I do think that Cruise has a tendency to be preachy and arrogant, but he would be like that regardless of whatever he chose as a "cause". I agree that Hayes acted hypocritically, just as followers of other faiths do when they put down religions not of their own but act overly sensitive about others critizing their own faiths.

What I resent is the imposed scrutiny on anyone exposed as belonging to a fringe religion like Scientology, with everything they subsequently say or do filtered through it and blown up out of proportion. And, of course, this knee-jerk shunning that some engage in against them.

It is part of the artist's natural, honest self-expression to express personal feelings about religion in their works, be that artist a Scientologist, Pagan, atheist, Christian, Jew, Muslim, Buddhist, Hindu, etc. And part of "receiving" art (as I see it) is to avoid confining oneself to works that one already personally resonates with. If Beck does believe in some of Scientology's ideas, should he include that in some form within his music? If those ideas truly make up part of the person known as Beck, then sure! Why should my exposure to a fringe faith be confined to a choice between that faith's official public relations machine and those bitterly opposed to it?

Barry Leiba said...

«fringe religion»

Well, that people so readily shun "fringe" religions points out something I've often said: we don't actually have religious tolerance. What we have is tolerance of "approved" religions, and little tolerance at all for the ones that aren't on the approved list.

«Why should my exposure to a fringe faith be confined to a choice between that faith's official public relations machine and those bitterly opposed to it?»

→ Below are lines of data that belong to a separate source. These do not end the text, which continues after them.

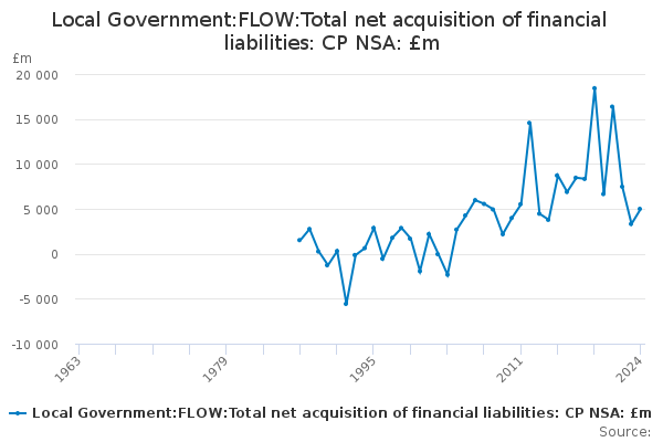 Download this time seriesLocal Government:FLOW:Total net acquisition of financial liabilities: CP NSA: £m
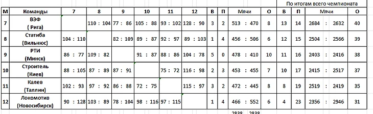 «Статиба» – 11, ВЭФ – 10, «Строитель» – 8, РТИ – 6, «Калев» – 5, «Локомотив» – 3.
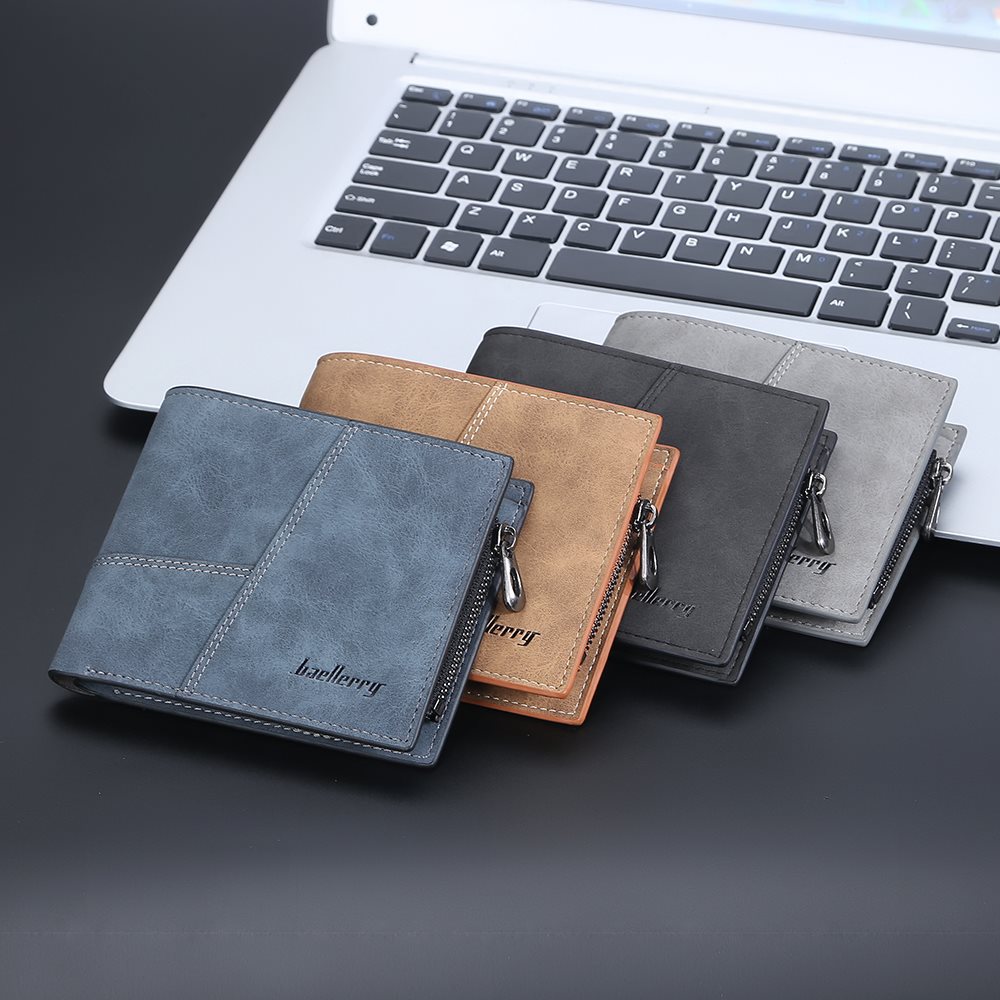 محفظة رجالية جديدة قصيرة ريترو متعددة الوظائف بسحاب للعملات المعدنية، محفظة ناعمة كاجوال متعددة البطاقات للطلاب
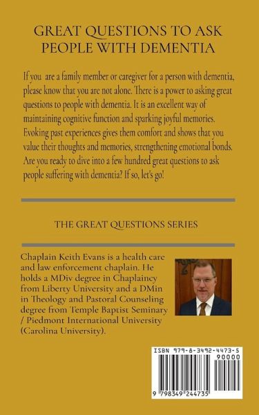 GREAT QUESTIONS TO ASK PEOPLE WITH DEMENTIA If you are a family member or caregiver for a person with dementia, please know that you are not alone. There is a power to asking great questions to people with dementia. It is an excellent way of maintaining cognitive function and sparking joyful memories. Evoking past experiences gives them comfort and shows that you value their thoughts and memories, strengthening emotional bonds. Are you ready to dive into a few hundred great questions to ask people suffering with dementia? If so, let's go!
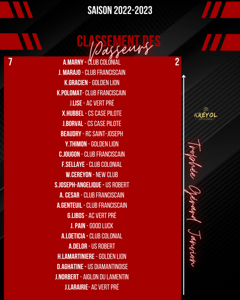 [ Kréyol Football ] : Classement des buteurs et passeurs à une journée de la fin !
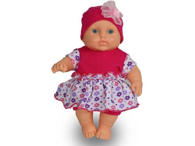 Куклу можно купать, так как у неё вставные не закрывающиеся глазки, рельефный кукольный паричок и нет звукового устройства.
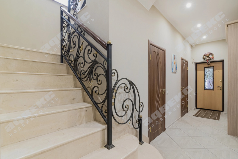 - на  первом этаже большая гостиная и оборудованная кухня, 1 спальня (можно сделать кабинет), санузел. На второй этаж ведет мраморная лестница.

Or to any faith... or philosophy, for that matter. What people think/believe/contemplate is a continuum, and we shouldn't look to put everyone in one pigeon hole or other.

Maggie said...

I have a problem with people who are anti-science, or who promote views that in my opinion are harmful to the public. That would be Tom Cruise and any of these anti-vaccination nuts, for whatever reason they might be anti-vaccination nuts. It doesn't have to be religious. I don't see Mel Gibson films because I think Mel Gibson is a very violent individual, and it comes through in his films. (I *have* seen Mel Gibson films, I won't see them any more.) The passion is his favorite part of the Jesus story? There's a lot to like about Jesus in his teachings. Mel Gibson's favorite thing about Jesus isn't his teachings, it's the violent way he died, or some superstitious nonsense about the violent way he died saving Mel's own soul. I do not want to validate a person like that by giving him my money. So my choice is I think more about how the celebrity uses his platform, because sadly, they have a loud voice that people listen to. I'd love to boycott Oprah for promoting idiot Jenny McCarthy, but unfortunately I already boycott Oprah because I simply have no interest in anything she has to say.

Barry Leiba said...

Well said, Maggie. And, yeh, I, too, already have nothing to do with Oprah, so it'd be hard to have less.